Transcribe, word for word, every line from the one containing "Краны шаровые DN.ru" through the final line of the records, and omit the pictures.
Start of SUPPLIED RECORDS
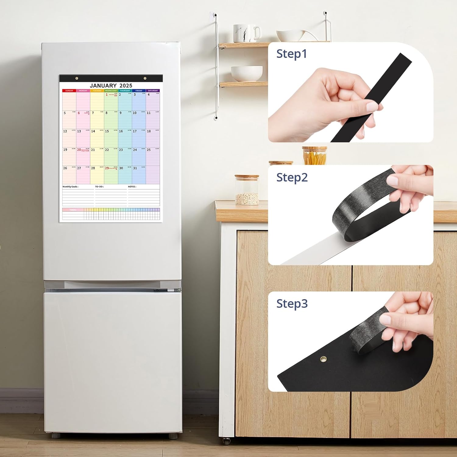 - Magnetic Calendar: Jan 2025 to June 2026 calendar with PVC Cover includes a magnetic strip, hanging rope, and 3 personalized stickers, ensuring no missing or duplicated months. Hang it on your fridge or wall for convenient placement. With 18 months, easily track your schedule and plan ahead effectively.
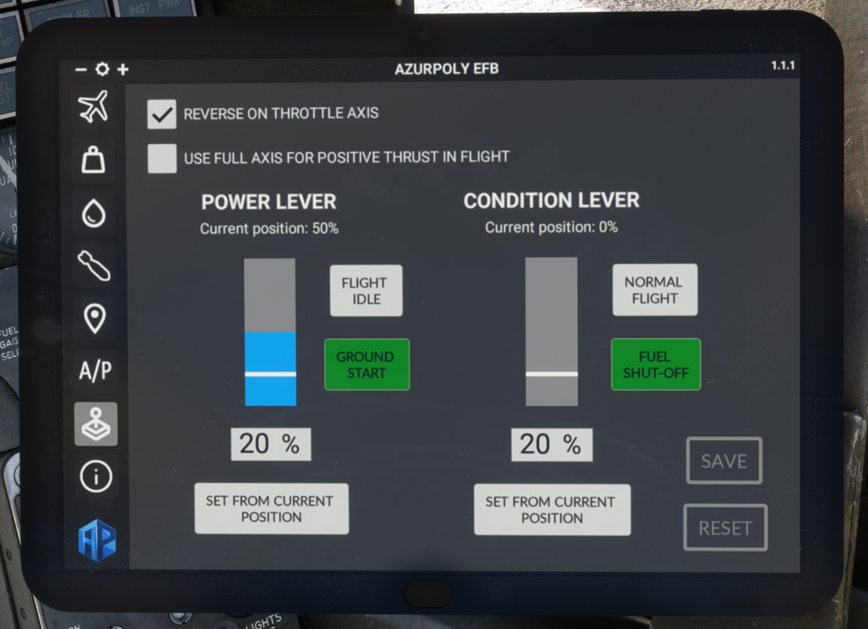 If condition levers are bound to an axis, you can also set NORMAL FLIGHT and FUEL SHUT-OFF positions on the axis.
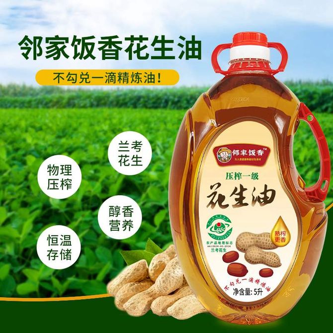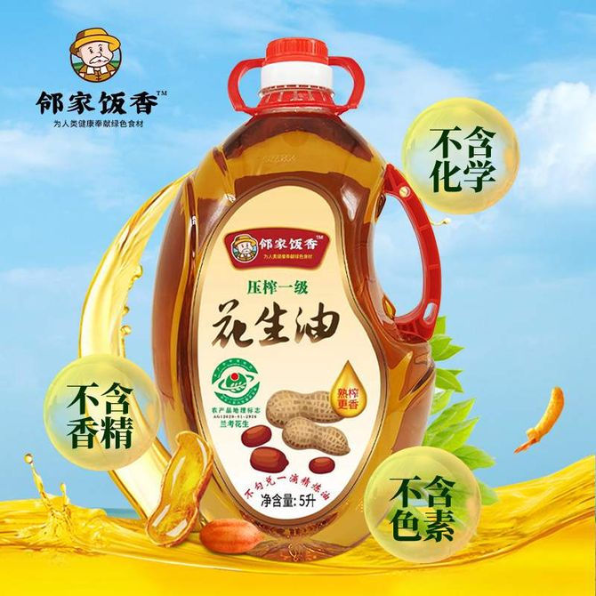邻家饭香 压榨一级花生油5L 国家地理标志农产品 优质兰考花生压榨 家庭烹饪食用油 5L
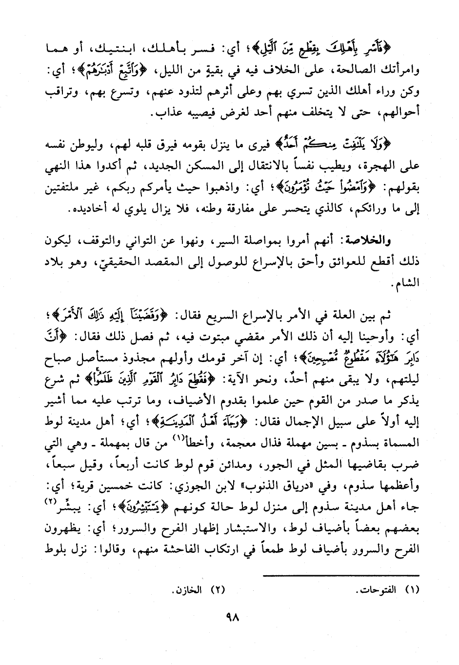{وَلَا يَلْتَفِتْ مِنْكُمْ أَحَدٌ} فيرى ما ينزل بقومه فيرق قلبه لهم، وليوطن نفسه على الهجرة، ويطيب نفسًا بالانتقال إلى المسكن الجديد، ثم أكدوا هذا النهي بقولهم: {وَامْضُوا حَيْثُ تُؤْمَرُونَ}؛ أي: واذهبوا حيث يأمركم ربكم، غير ملتفتين إلى ما ورائكم، كالذي يتحسر على مفارقة وطنه، فلا يزال يلوي له أخاديده.
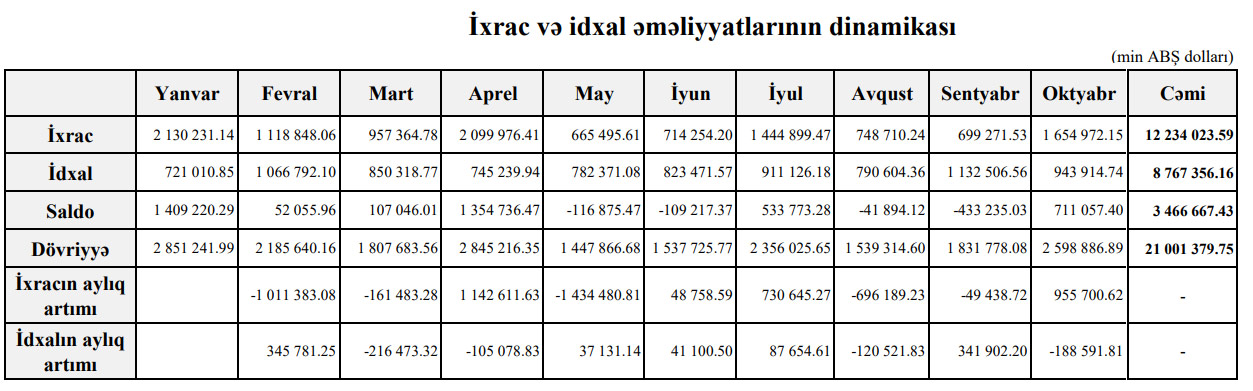 Qeyd edək ki, 2019-cu ilin 10 ayı ərzində Azərbaycanın xarici ticarət əməliyyatlarının həcmi 28 milyard 276 milyon 885 min ABŞ dolları, o cümlədən ixrac 16 milyard 821 milyon 557 min ABŞ dolları, idxal isə 11 milyard 455 milyon 326 min ABŞ dolları təşkil etmişdi.
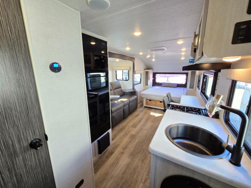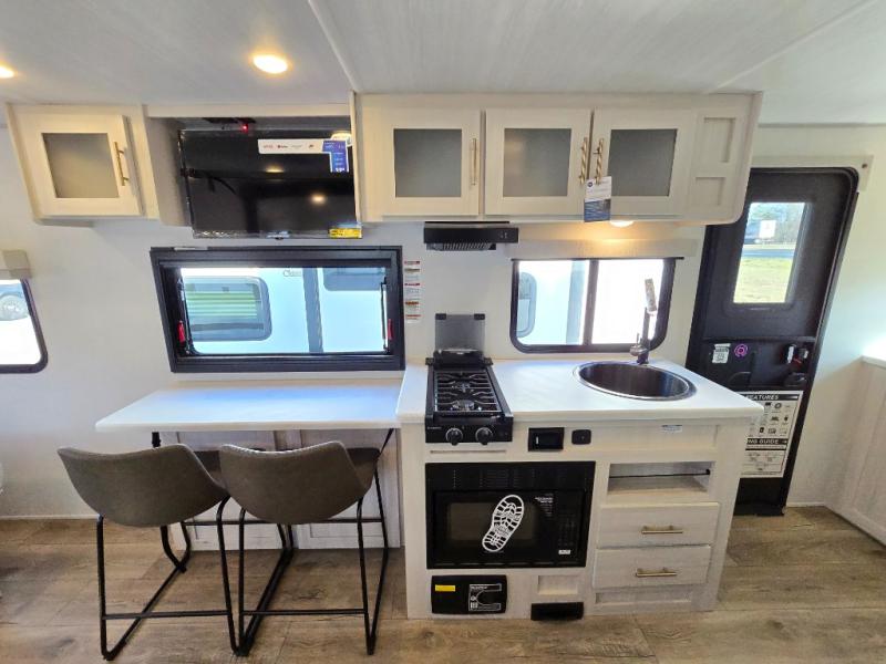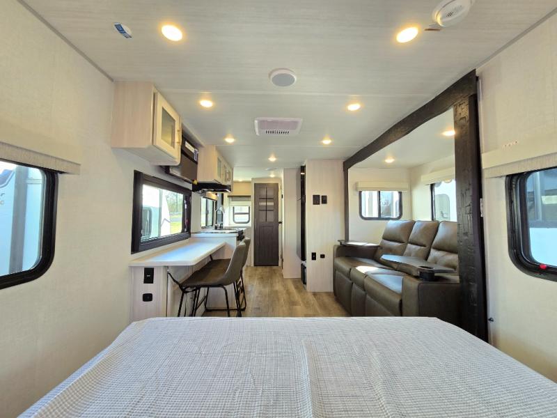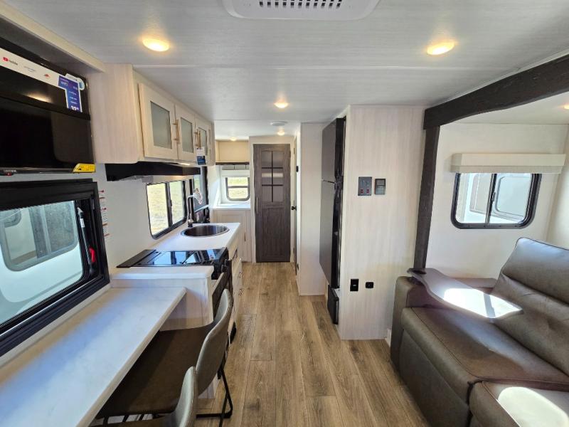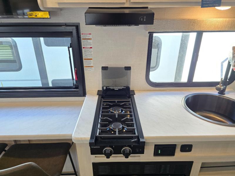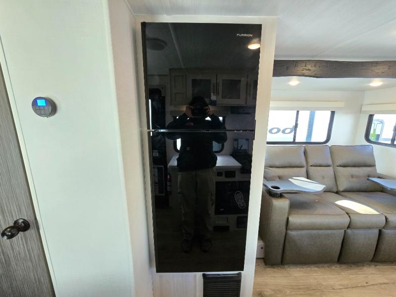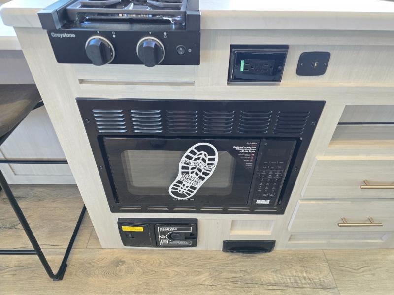 A front bedroom with a walk-around queen bed, a full bath, and a theater seat slide out are a few of the features that you are sure to want in your next RV! You can rest comfortably each night, plus all your clothing can be stored in the dual wardrobes to keep everything tidy. If you're needing more sleeping space, just choose the optional tri-fold sofa or optional booth dinette in place of the theater seat! The chef of your group can make meals on the two burner cooktop or in the convection microwave, and there is a 12V black glass refrigerator for perishables. And the bar top with two seats and the flip-up window provide a great view outdoors as you dine together.
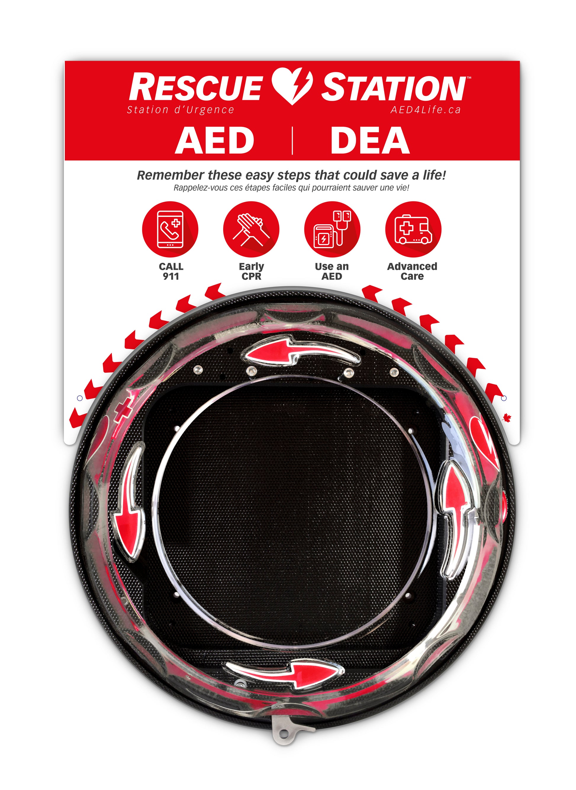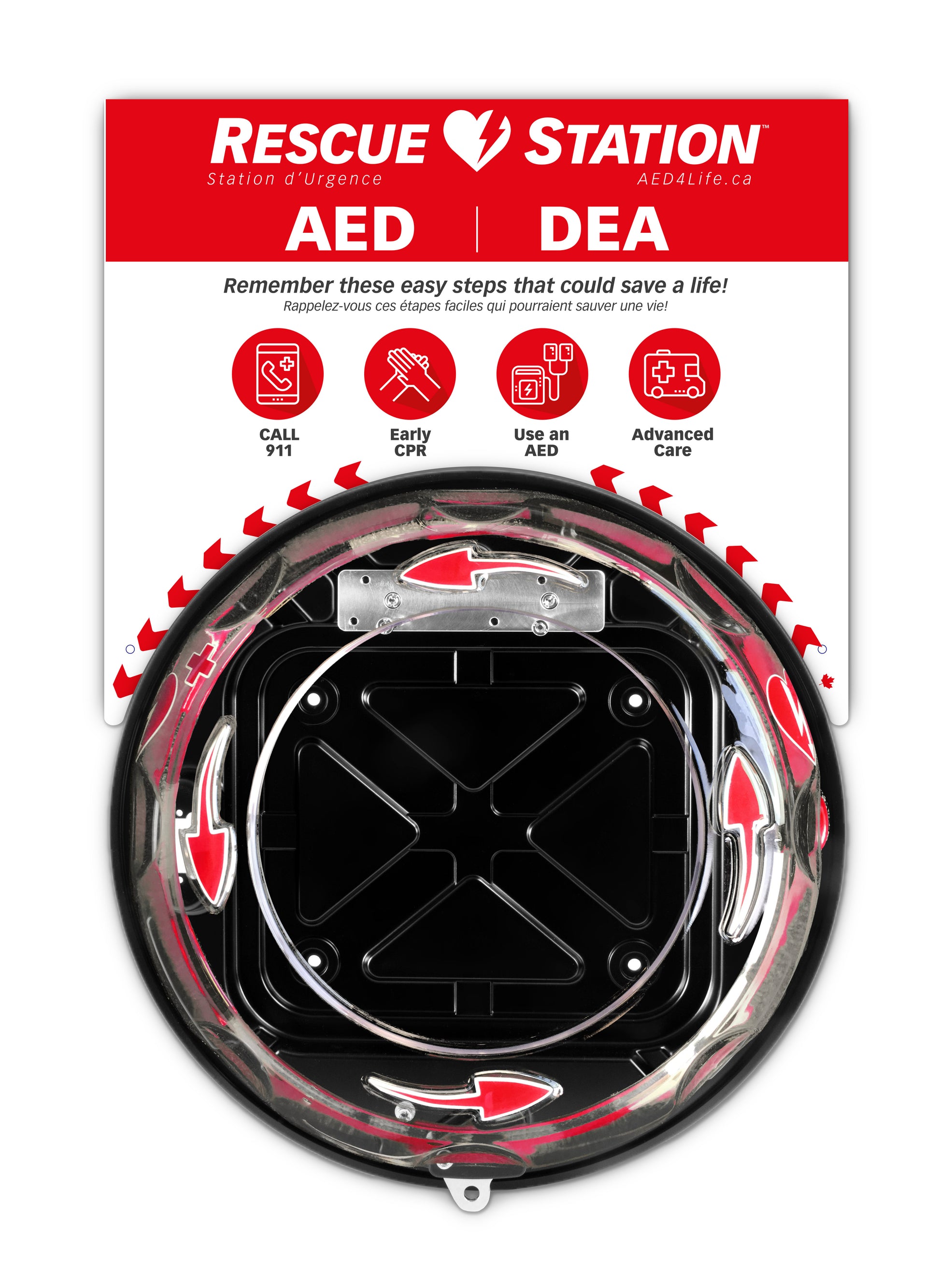 For use with Rotaid cabinet alone (not included) or RescueStation Totem (not included). Gives greater visibility to the defibrilator. Step by step direction for Cardiac Emergencies.
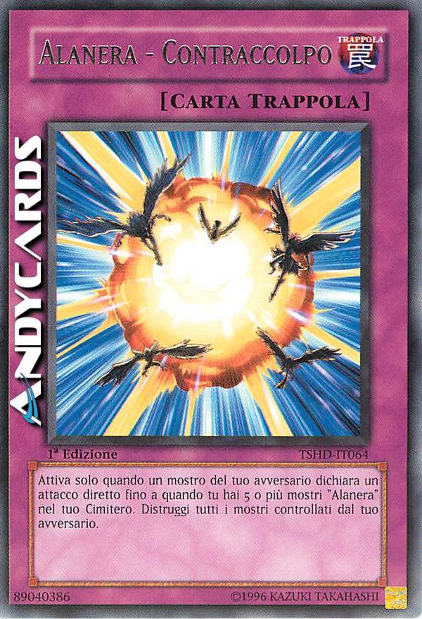 Quando un mostro dell'avversario dichiara un attacco diretto mentre tu hai 5 o più mostri "Alanera" nel tuo Cimitero: distruggi tutti i mostri controllati dal tuo avversario.
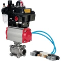 Краны шаровые DN.ru BV3232P(3pc)-FP-W-ISO-H Ду10-100 Ру63/25, полнопроходные под приварку, нержавеющая сталь SS316, уплотнение - PTFE, с пневмоприводом PA-DA двойного действия, с пневмораспределителем 4V320-08 220В, с БКВ APL-410N EX, с БПВ AFC2000
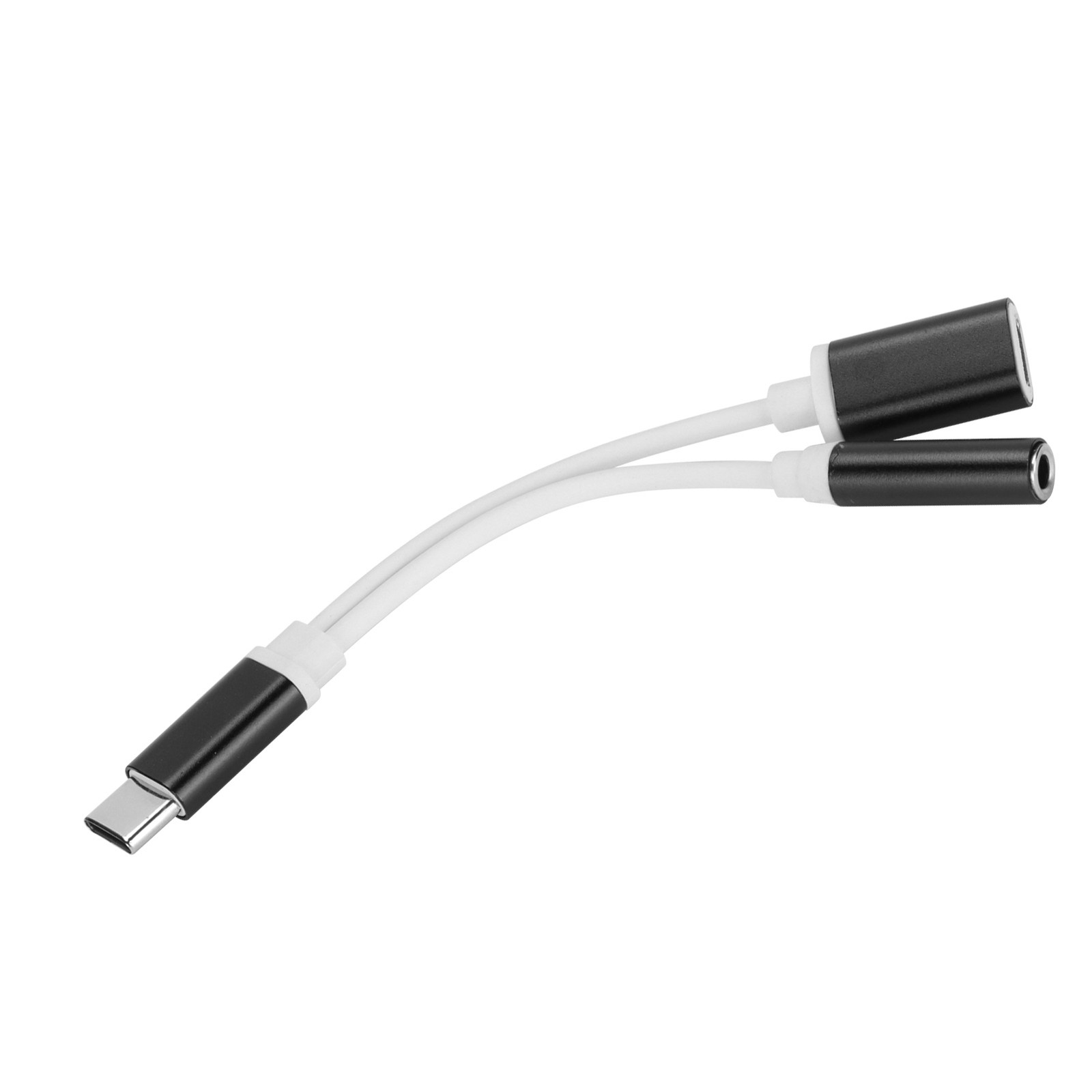 (Black)2 In1 TypeC To 3.5mm Aux Charging Cable Adapter Headphone Spli
End of SUPPLIED RECORDS
#### RESPONSE TO THIS EXERCISE:
 Краны шаровые DN.ru BV3232P(3pc)-FP-W-ISO-H Ду10-100 Ру63/25, полнопроходные под приварку, нержавеющая сталь SS316, уплотнение - PTFE, с пневмоприводом PA-DA двойного действия, с пневмораспределителем 4V320-08 220В, с БКВ APL-410N EX, с БПВ AFC2000
 (Black)2 In1 TypeC To 3.5mm Aux Charging Cable Adapter Headphone Spli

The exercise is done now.